▶ **Input data**:
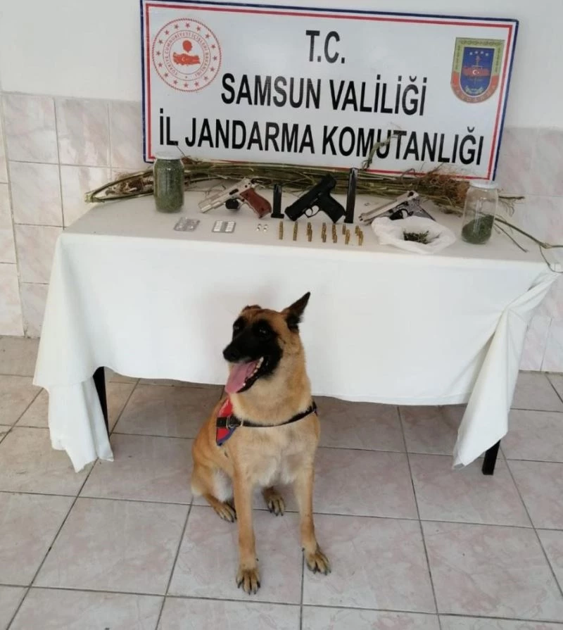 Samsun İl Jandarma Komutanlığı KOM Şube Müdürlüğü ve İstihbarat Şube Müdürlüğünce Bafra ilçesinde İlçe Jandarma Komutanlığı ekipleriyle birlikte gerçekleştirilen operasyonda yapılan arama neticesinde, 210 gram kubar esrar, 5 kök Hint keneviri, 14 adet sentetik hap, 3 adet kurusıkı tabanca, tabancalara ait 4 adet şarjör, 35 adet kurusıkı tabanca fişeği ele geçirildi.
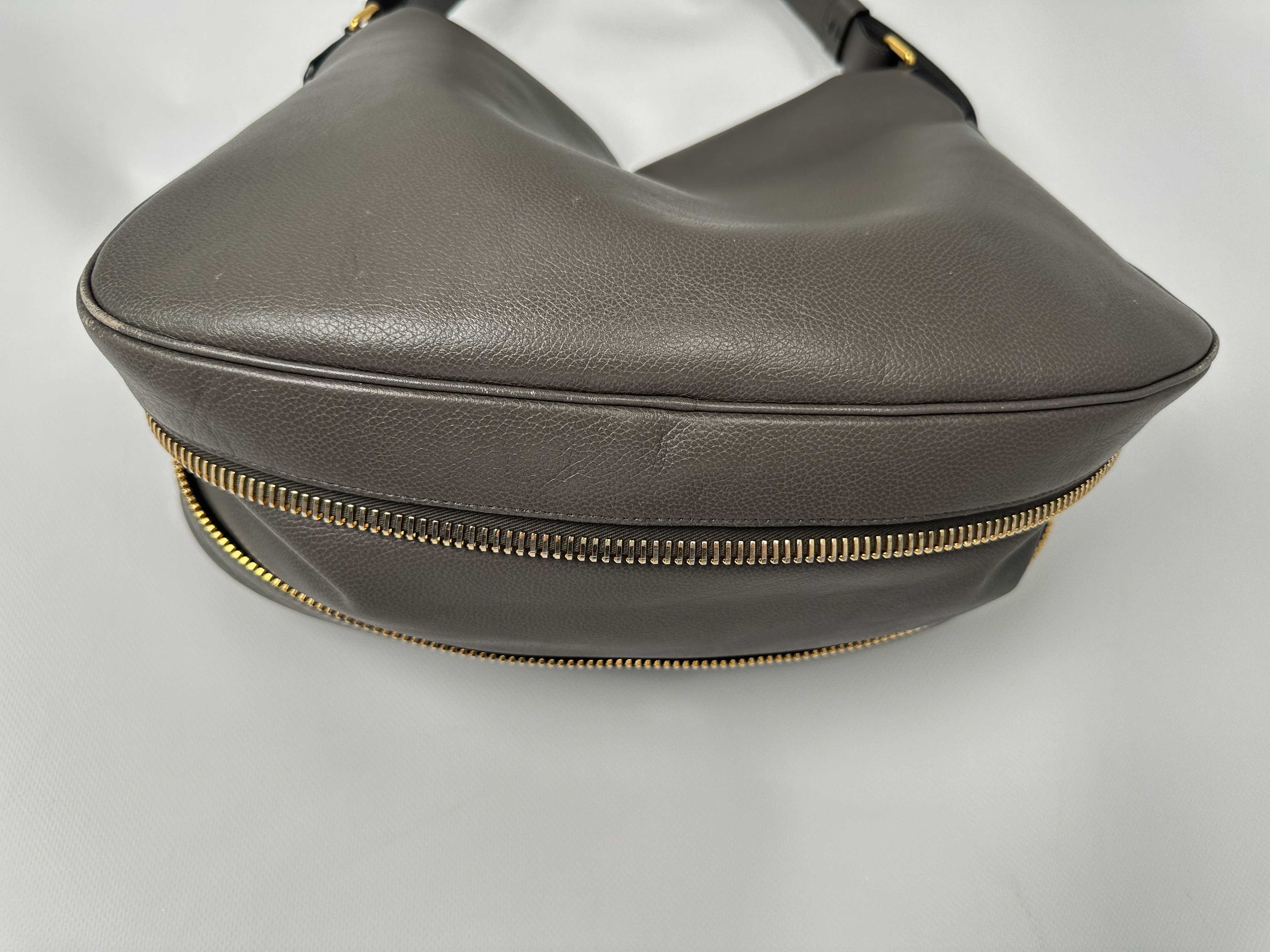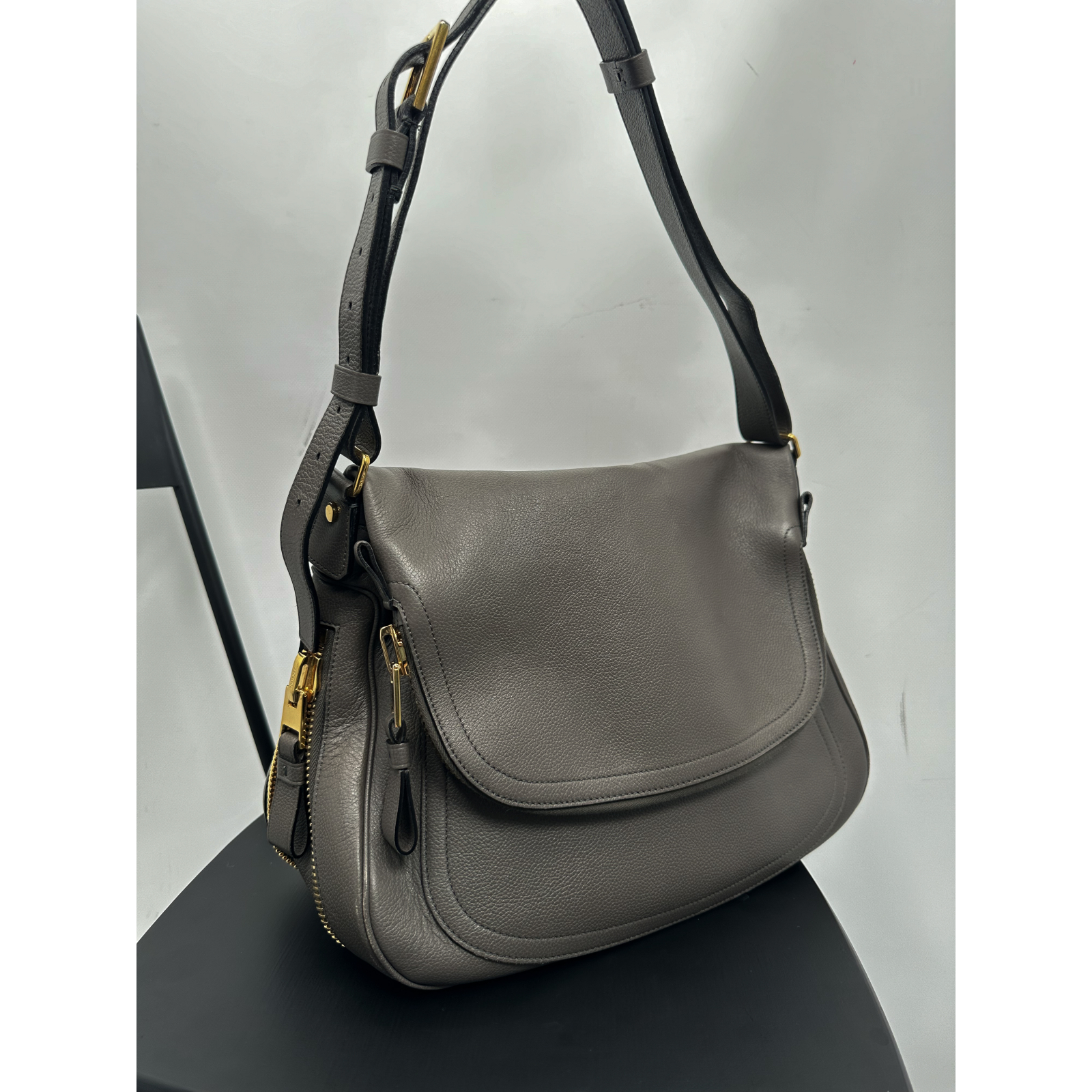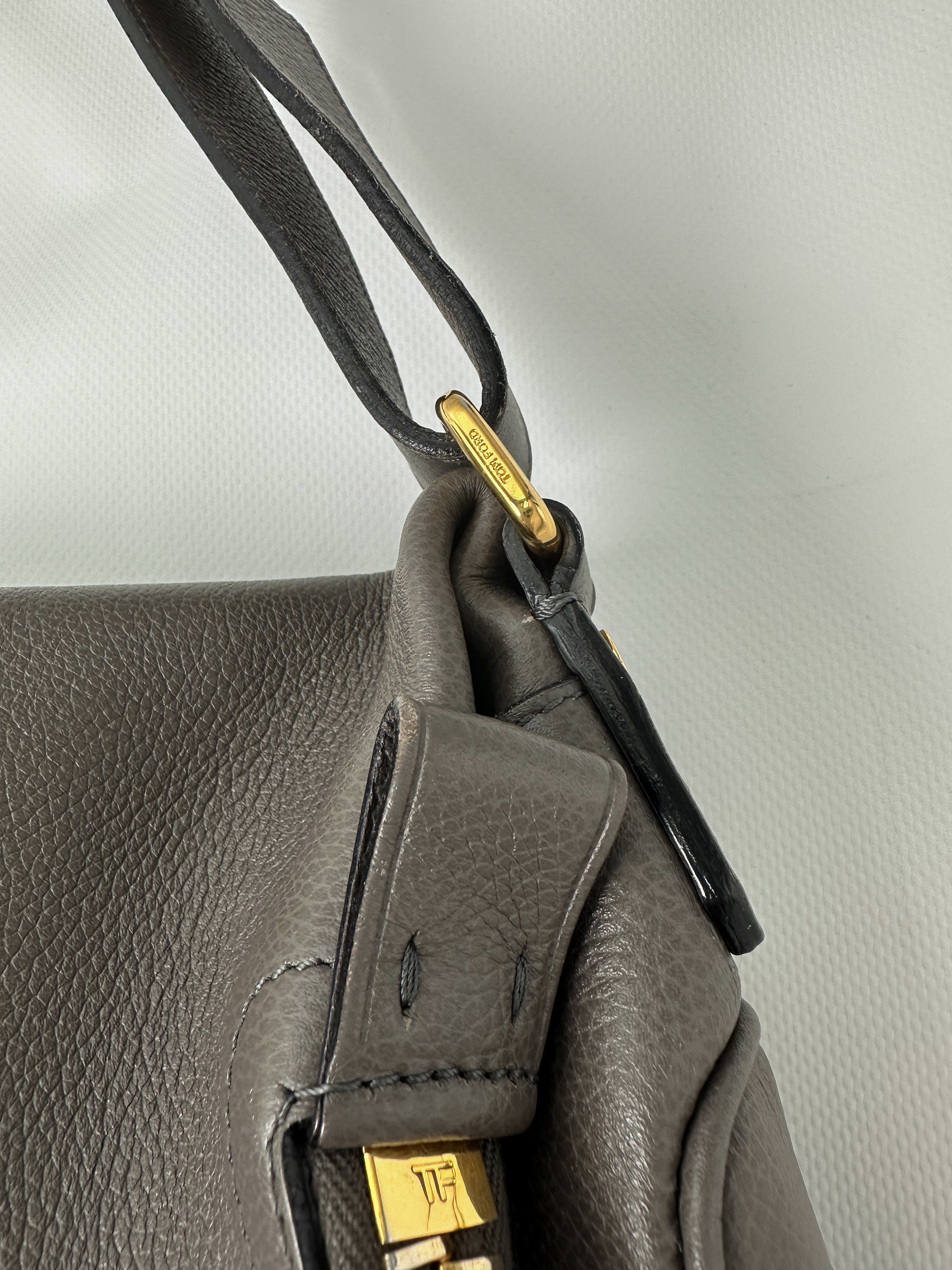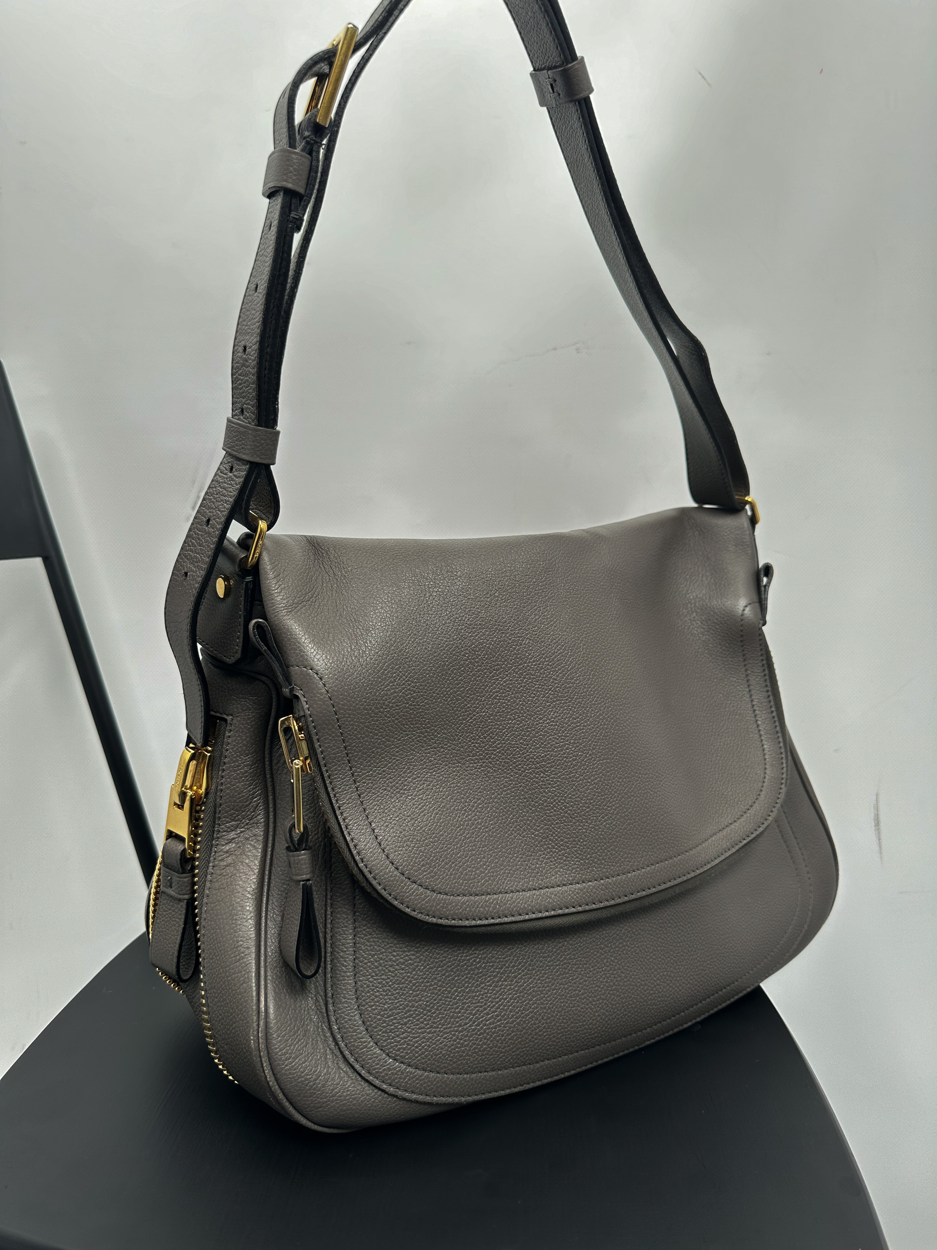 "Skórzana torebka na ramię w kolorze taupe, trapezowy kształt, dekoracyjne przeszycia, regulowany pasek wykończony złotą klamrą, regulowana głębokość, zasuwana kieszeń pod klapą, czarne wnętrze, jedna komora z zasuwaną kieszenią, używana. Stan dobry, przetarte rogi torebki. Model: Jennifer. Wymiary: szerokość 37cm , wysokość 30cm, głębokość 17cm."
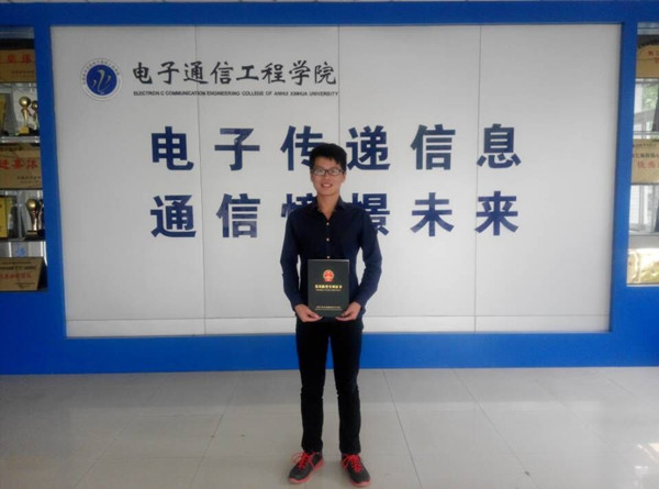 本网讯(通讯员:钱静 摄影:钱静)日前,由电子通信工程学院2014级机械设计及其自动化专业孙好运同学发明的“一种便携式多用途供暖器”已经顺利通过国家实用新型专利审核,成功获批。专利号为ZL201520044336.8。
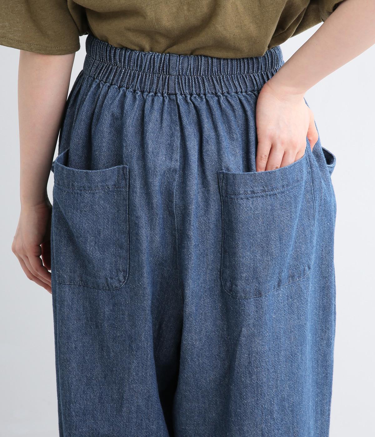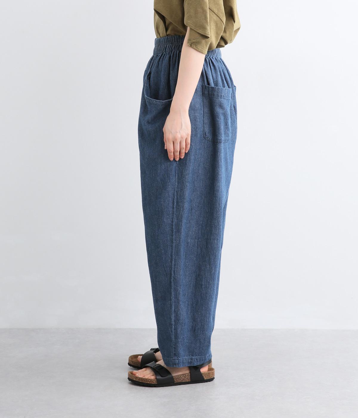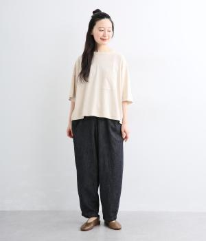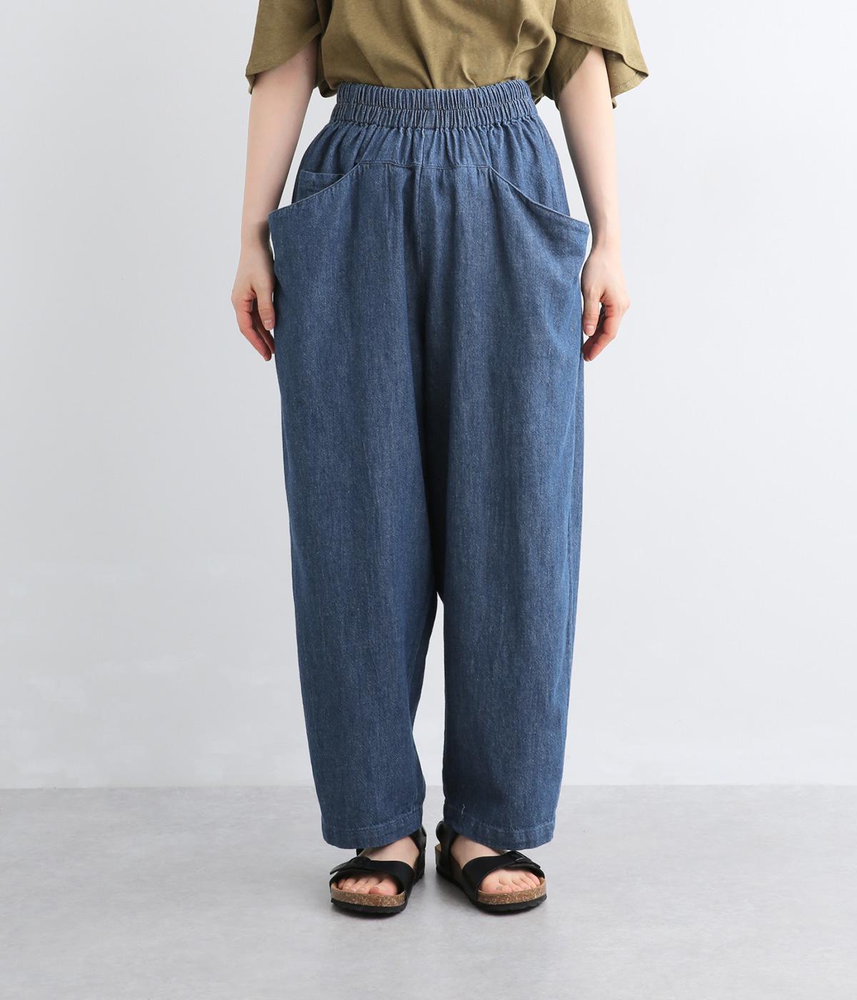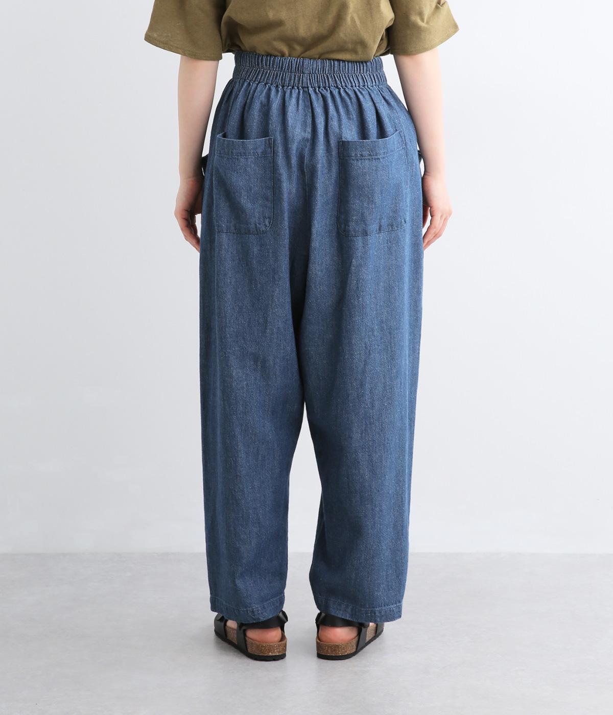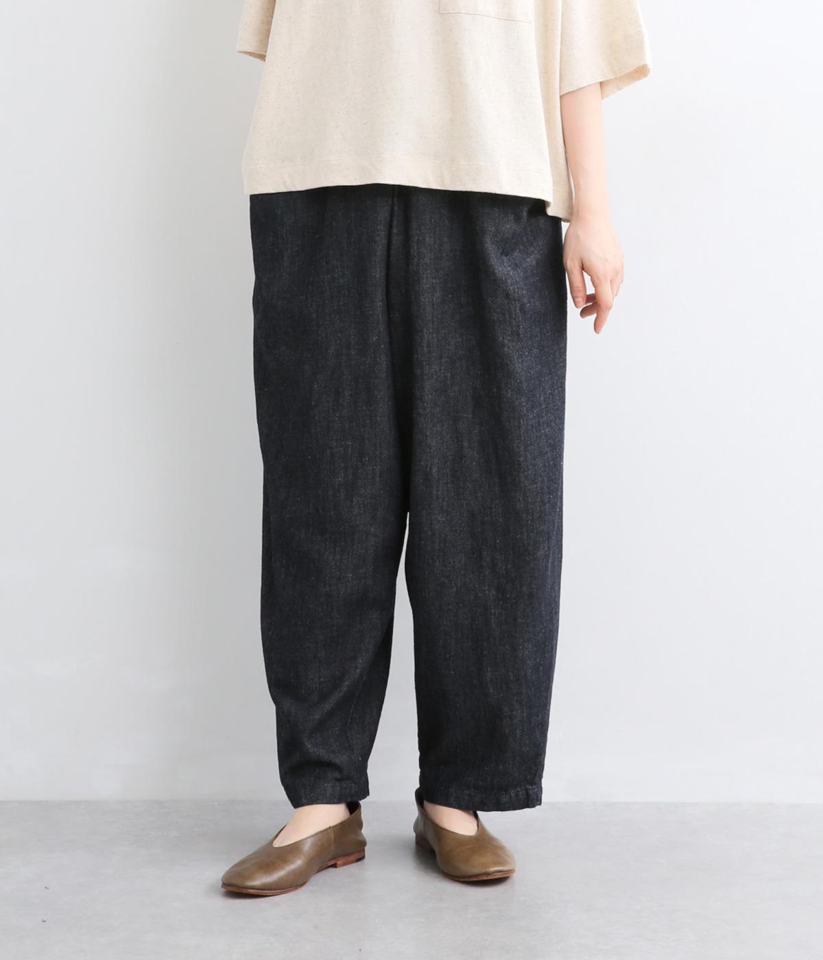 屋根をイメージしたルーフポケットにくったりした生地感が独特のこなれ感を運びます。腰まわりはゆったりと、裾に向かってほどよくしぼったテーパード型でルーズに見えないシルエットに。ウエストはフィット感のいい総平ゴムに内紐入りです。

▶ **Aim of the exercise**: Retype all of the listing word for word and skip the pictures.

▶ **Solution**:
 Samsun İl Jandarma Komutanlığı KOM Şube Müdürlüğü ve İstihbarat Şube Müdürlüğünce Bafra ilçesinde İlçe Jandarma Komutanlığı ekipleriyle birlikte gerçekleştirilen operasyonda yapılan arama neticesinde, 210 gram kubar esrar, 5 kök Hint keneviri, 14 adet sentetik hap, 3 adet kurusıkı tabanca, tabancalara ait 4 adet şarjör, 35 adet kurusıkı tabanca fişeği ele geçirildi.
 "Skórzana torebka na ramię w kolorze taupe, trapezowy kształt, dekoracyjne przeszycia, regulowany pasek wykończony złotą klamrą, regulowana głębokość, zasuwana kieszeń pod klapą, czarne wnętrze, jedna komora z zasuwaną kieszenią, używana. Stan dobry, przetarte rogi torebki. Model: Jennifer. Wymiary: szerokość 37cm , wysokość 30cm, głębokość 17cm."
 本网讯(通讯员:钱静 摄影:钱静)日前,由电子通信工程学院2014级机械设计及其自动化专业孙好运同学发明的“一种便携式多用途供暖器”已经顺利通过国家实用新型专利审核,成功获批。专利号为ZL201520044336.8。
 屋根をイメージしたルーフポケットにくったりした生地感が独特のこなれ感を運びます。腰まわりはゆったりと、裾に向かってほどよくしぼったテーパード型でルーズに見えないシルエットに。ウエストはフィット感のいい総平ゴムに内紐入りです。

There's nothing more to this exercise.